Si osservino le due Chiese conventuali dei Del Balzo, i comignoli; sulla destra estrema: le torri, le vedette, il piccolo castello, che proteggono le case più grandi.

Gli anni di Francesco II Del Balzo coincidevano con quelli in cui fioriva a Napoli l'Umanesimo promosso dai Re Aragonesi.
... alla nostra Città sono rimaste, di quella splendida stagione, le due grandi Tavole dipinte che il Del Balzo - con il Vescovo Florio - destinò a ornare la Cappella di S. Riccardo che si costruiva in quegli anni, per far corona, con i bassorilievi, all'altare del Santo
...
Attribuite nel 1964 ... a Tuccio d'Andria, esse si sono poi rivelate opera di un Maestro meridionale di più alto livello che, in collaborazione con Tuccio rivela in pieno certa cultura che fonde modi italiani, fiamminghi e persino francesi, come in seguito ha chiarito il D'Elia [1] in uno studio disteso e puntuale sui due Dipinti andriesi; la cui presenza in Andria non suggerisce altro committente che Francesco II Del Balzo, Duca di Andria così strettamente legato alla Corte napoletana e cioè a quell'ambiente di cultura "mediterranea" in cui il decorativismo tardo-gotico borgognone (con i suoi riflessi catalani) e la minuta indagine naturalistica dei fiamminghi si fondevano con il nuovo senso prospettico e volumetrico del Rinascimento."

[testi stralciati
- dal libro "Ho raccolto per voi" a cura di Giuseppe Lanave, edito da Grafiche Guglielmi, Andria, 1994, pp. 15, 17, 21;
- testo di Vincenzo Schiavone, dal libro "San Riccardo protettore di Andria" a cura di Giuseppe Lanave, edito da Grafiche Guglielmi, Andria, 1989, pp. 133, 137, 139]

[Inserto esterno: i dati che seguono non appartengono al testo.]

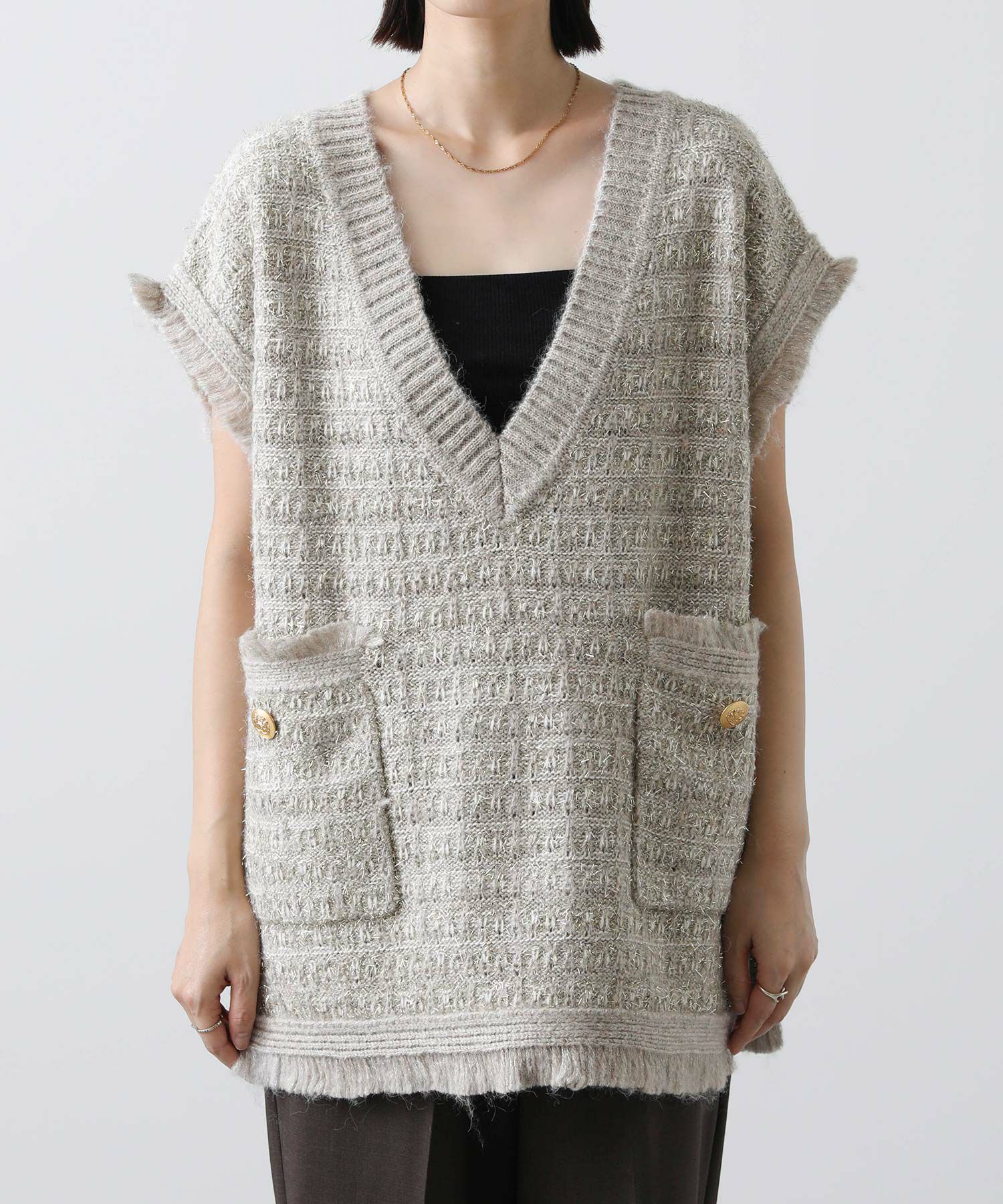 意匠糸を使用し、ツイード見えするよう編み上げ、ゆったりとしたシルエットで、レイヤードしやすいサイズ感がポイント。

particolare tratto dal dipinto su tavola attribuito a Tuccio da Andria
[Andria nel Quattrocento (clicca per vederla nella risoluzione originale) - elaborazione elettronica su foto di. S. Di Tommaso - 13/11/2011]

Per quel che concerne la datazione delle due tavole c'è un "terminus ante quem" essere devono essere state realizzate, ed è il 1477 o, più probabilmente ancor prima, il 1471.
Questo termine di loro esecuzione è suggerito dal particolare del campanile raffigurato nella veduta di Andria sotto il Redentore, nonché dalla mancanza delle cappelle laterali;
il pittore infatti ha rappresentato il campanile fino al registro delle monofore contenente le campane, perché logicamente fin lì era innalzato e rifinito di merlatura quando lo dipinse.
Entro il 1477, tuttavia, erano state già aggiunte le cappelle laterali ed il campanile era stato ulteriormente innalzato, non solo del successivo registro con le bifore, ma fino alla cuspide compresa.

Sulla lapide sepolcrale di mons. Martino de Sotomajor (vescovo dal 1471 al 1477) infatti vi si leggeva:

MARTINUS TUMULO, QUEM REDDUNT STEMMATA,
(…) CONDIDIT IN TEMPLO PLURA SACELLA, LATUS
CAMPANILIS & ARCEM HINC EXIT PROVIDUS ÆRE,
ATQUE HUMUM SUPERANS EXTRUIT SACRARIUM.
MAJORIS PIUS ARÆ PRÆTEXTUM OPUS & (…)
MCCCCLXXVII. [2]

L'epigrafe (nonostante alcune parole illeggibili) può essere così tradotta:

"Martino de Sotomajor, come testimoniano gli stemmi,
edificò molti sacelli (cioè le cappelle laterali),
elevò il fianco e l’apice del campanile dotandolo di campane
e nell’adiacente giardino costruì la sacrestia.
Devoto [realizzò] l’elegante costruzione dell’altare maggiore e (…).
1477"

Considerando inoltre che la maggior parte delle reliquie furono donate alla nostra Cattedrale da questo vescovo, come era scritto sulla lapide affissa in sacrestia [3],
le due tavole del Redentore e della Vergine probabilmente (per l'esiguità del tempo!) non nacquero come ante recanti reliquie, ma come dossali dell'altare maggiore;
comunque dovettero essere dipinte prima dell'episcopato di Soto Major o, tuttalpiù, nel suo inizio, prima cioè che si eseguissero i lavori al campanile e la costruzione delle cappelle laterali.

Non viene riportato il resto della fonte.